Assessment of Evaluation Tools for Integrated Surveillance of Antimicrobial Use and Resistance Based on Selected Case Studies
Bibliographic record
Abstract
Regular evaluation of integrated surveillance for antimicrobial use (AMU) and resistance (AMR) in animals, humans, and the environment is needed to ensure system effectiveness, but the question is how.

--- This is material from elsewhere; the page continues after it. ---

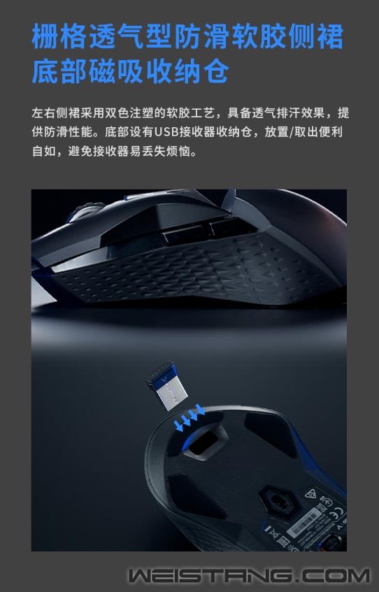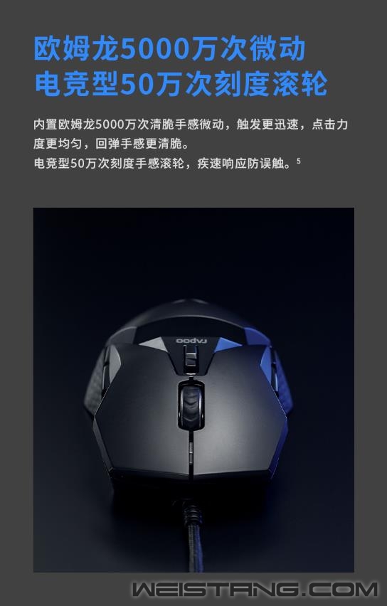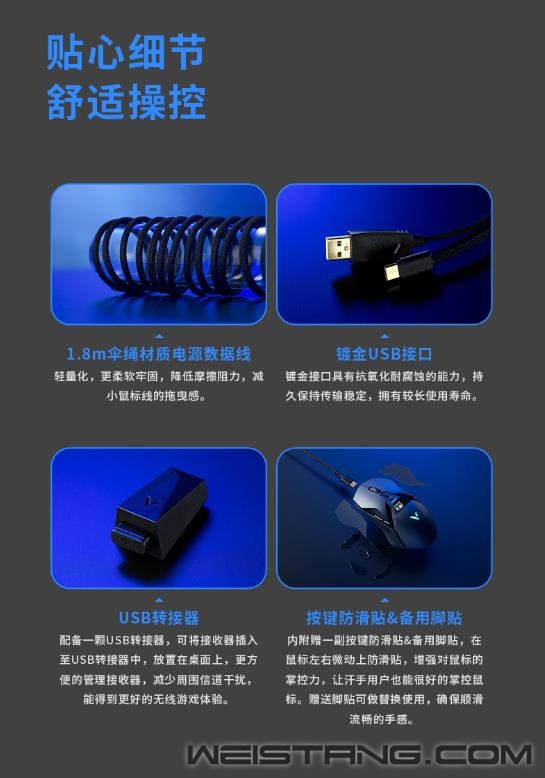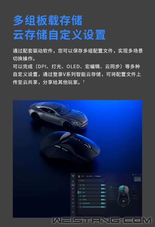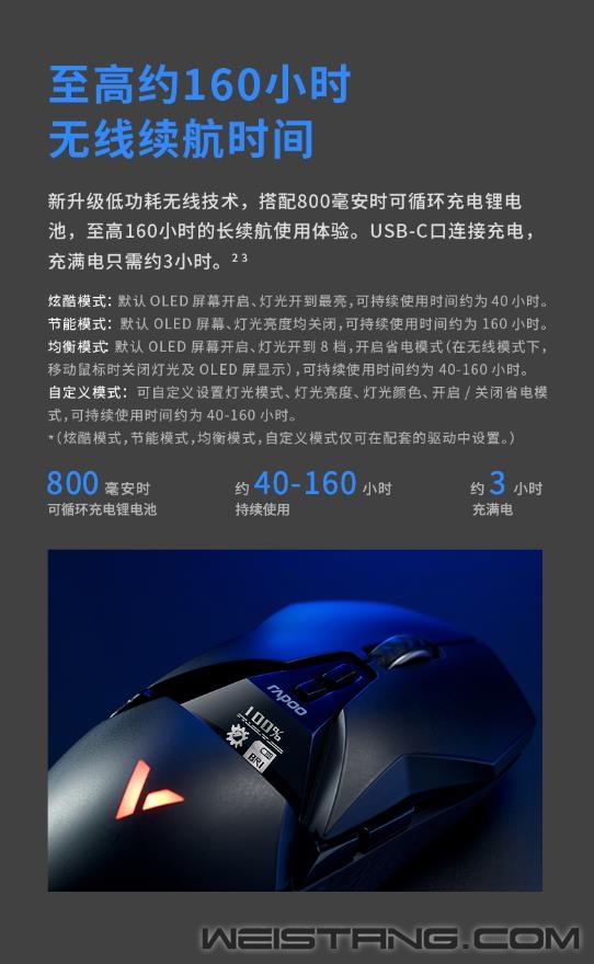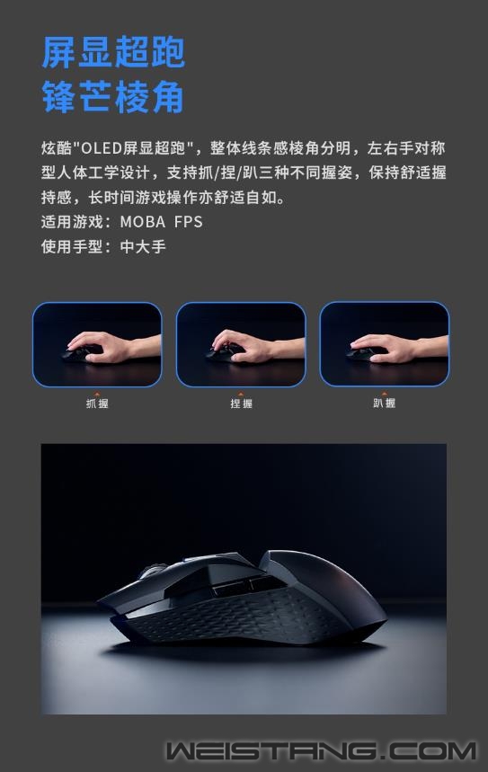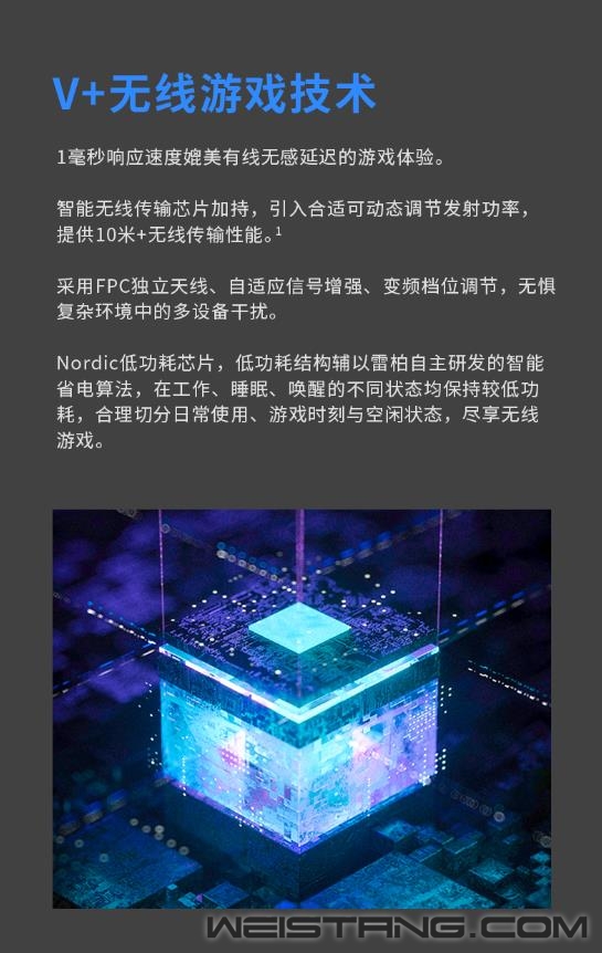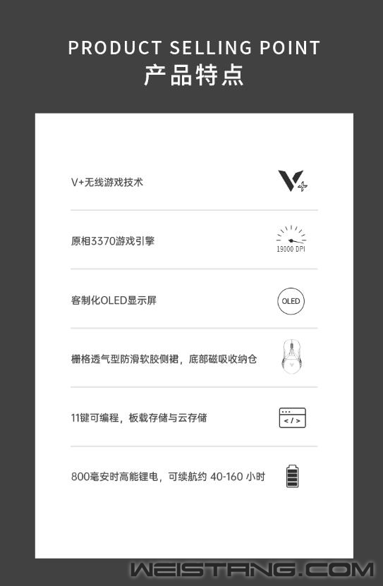 雷柏V+无线游戏技术,产品力、品牌力,硬实力。原相3370光学引擎加持、1毫秒响应速度、至高160小时续航,搭载雷柏V+无线游戏技术的首款无线双模游戏鼠标VT950S正式推出,接下来让我们一起来看看这款299元无限潜能的表现吧。 VT950S作为一款炫酷的“OLED”屏显超跑,整体线条感棱角分明,左右手对称型人体工学设计,支持抓/捏/趴三种不同握姿,保持舒适握持感,长时间游戏操作也舒适自如。,也适合MOBA,FPS类的竞技游戏。 VT950S拥有雷柏V+无线游戏技术的加持,1毫秒的响应速度,媲美有线无感的延迟体验。智能无线传输芯片的加持,提供10米+的无线传输性能。采用FPC独立天线,自适应信号增强,变频档位调节,无惧复杂环境中的多设备干扰。Nordic的低功耗芯片,辅以智能的省电算法,合理切分日常使用、游戏时刻与空闲状态,尽享无线游戏。 新升级的低功耗无线技术,在800毫安时的锂电池下给鼠标带来了至高160小时的长续航使用体验。USB-C连接充电的接口,3小时即可充满电量,开启超长的无线游戏体验。 采用了原相3370电竞级光学游戏引擎,准确定位每一帧,1ms的疾速响应,能更好的帮助玩家实现游戏中各种细节微操。帮助玩家更好打出走A、光速QA等细节连招,好比一款物理外挂。预设800/1200/1600/2400/3200/6400/19000,7档可循环切换DPI。11个可编程按键通过驱动设置,根据不同游戏调节适合自己的灵敏度,录制自定义宏,化繁为简,方便快捷。 内置5000万次欧姆龙微动开关,持久耐用,手感爽脆,回弹迅速,电竞型50万次刻度滚轮,疾速响应防误触,不在为鼠标寿命而担心。 VT950S的特氟龙脚垫,为鼠标带来低摩擦、耐磨、快速顺滑的操作移动,瞄准操作几乎不受阻力影响。 一块0.66英寸的客制化OLED显示屏安置在鼠标上方,拥有64*68分辨率,可实时显示鼠标的性能状态,让你实时知晓鼠标当下的性能数据,知己知彼、百战不殆。同时,这块屏幕也可以客制化显示图片、文字等,将个性呈现发挥到极致。 VT950S采用了栅格透气行防滑软胶侧裙,以及底部的磁吸收纳仓。具备透气排汗效果,避免接收器易丢失的烦恼。 作为雷柏游戏鼠标新旗舰的VT950S,雷柏也为其配备了功能强大的专属驱动软件,可以完成对VT950S几乎所有的设置如DPI、灯光、OLED、宏、云同步等操作,化繁为简,开启智慧游戏新时代。 VT950S在细节方面也是做到了更贴心的装备,给予玩家更舒适的操控选择。1.8m伞绳材质的电源数据线,镀金的USB接口,背光型的USB转接器,按键防滑贴&备用脚贴的加入,种种的细节让玩家得到更完美的游戏体验,新一代旗舰顶尖鼠标VT960S你值得拥有。 |
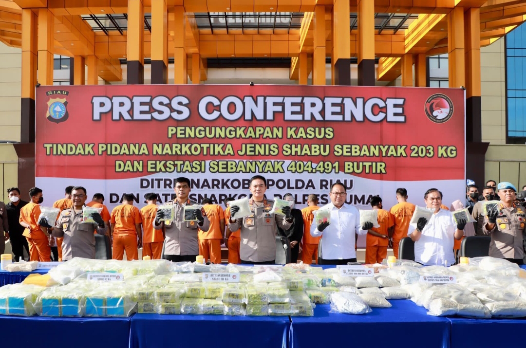 “Tergelar barang bukti sabu 203 kg dan 404.491 butir ekstasi yang berhasil kita sita dari kasus penyalanggunaan tindak pidana narkoba. 203 kg sabu ini terdiri dari kasus TKP pertama yaitu di Taman Karya Pekanbaru, kita melaksanakan upaya paksa tentunya melalui proses penyelidikan. Tim Ditresnarkoba bekerja sama dengan Dit Intelkam berhasil mengungkap 100.000 butir ekstasi dan 100 kg sabu dengan 10 tersangka yang ada di belakang saya ini pada hari Minggu 11 september 2022,” terangnya.

In this study, six different evaluation tools were assessed after being applied to AMU and AMR surveillance in eight countries: (1) ATLASS: the Assessment Tool for Laboratories and AMR Surveillance Systems developed by the Food and Agriculture Organization (FAO) of the United Nations, (2) ECoSur: Evaluation of Collaboration for Surveillance tool, (3) ISSEP: Integrated Surveillance System Evaluation Project, (4) NEOH: developed by the EU COST Action "Network for Evaluation of One Health," (5) PMP-AMR: The Progressive Management Pathway tool on AMR developed by the FAO, and (6) SURVTOOLS: developed in the FP7-EU project "RISKSUR." Each tool was scored using (i) 11 pre-defined functional aspects (e.g., workability concerning the need for data, time, and people); (ii) a strengths, weaknesses, opportunities, and threats (SWOT)-like approach of user experiences (e.g., things that I liked or that the tool covered well); and (iii) eight predefined content themes related to scope (e.g., development purpose and collaboration). PMP-AMR, ATLASS, ECoSur, and NEOH are evaluation tools that provide a scoring system to obtain semi-quantitative results, whereas ISSEP and SURVTOOLS will result in a plan for how to conduct evaluation(s). ISSEP, ECoSur, NEOH, and SURVTOOLS allow for in-depth analyses and therefore require more complex data, information, and specific training of evaluator(s). PMP-AMR, ATLASS, and ISSEP were developed specifically for AMR-related activities-only ISSEP included production of a direct measure for "integration" and "impact on decision making." NEOH and ISSEP were perceived as the best tools for evaluation of One Health (OH) aspects, and ECoSur as best for evaluation of the quality of collaboration. PMP-AMR and ATLASS seemed to be the most user-friendly tools, particularly designed for risk managers. ATLASS was the only tool focusing specifically on laboratory activities. Our experience is that adequate resources are needed to perform evaluation(s). In most cases, evaluation would require involvement of several assessors and/or stakeholders, taking from weeks to months to complete. This study can help direct future evaluators of integrated AMU and AMR surveillance toward the most adequate tool for their specific evaluation purpose.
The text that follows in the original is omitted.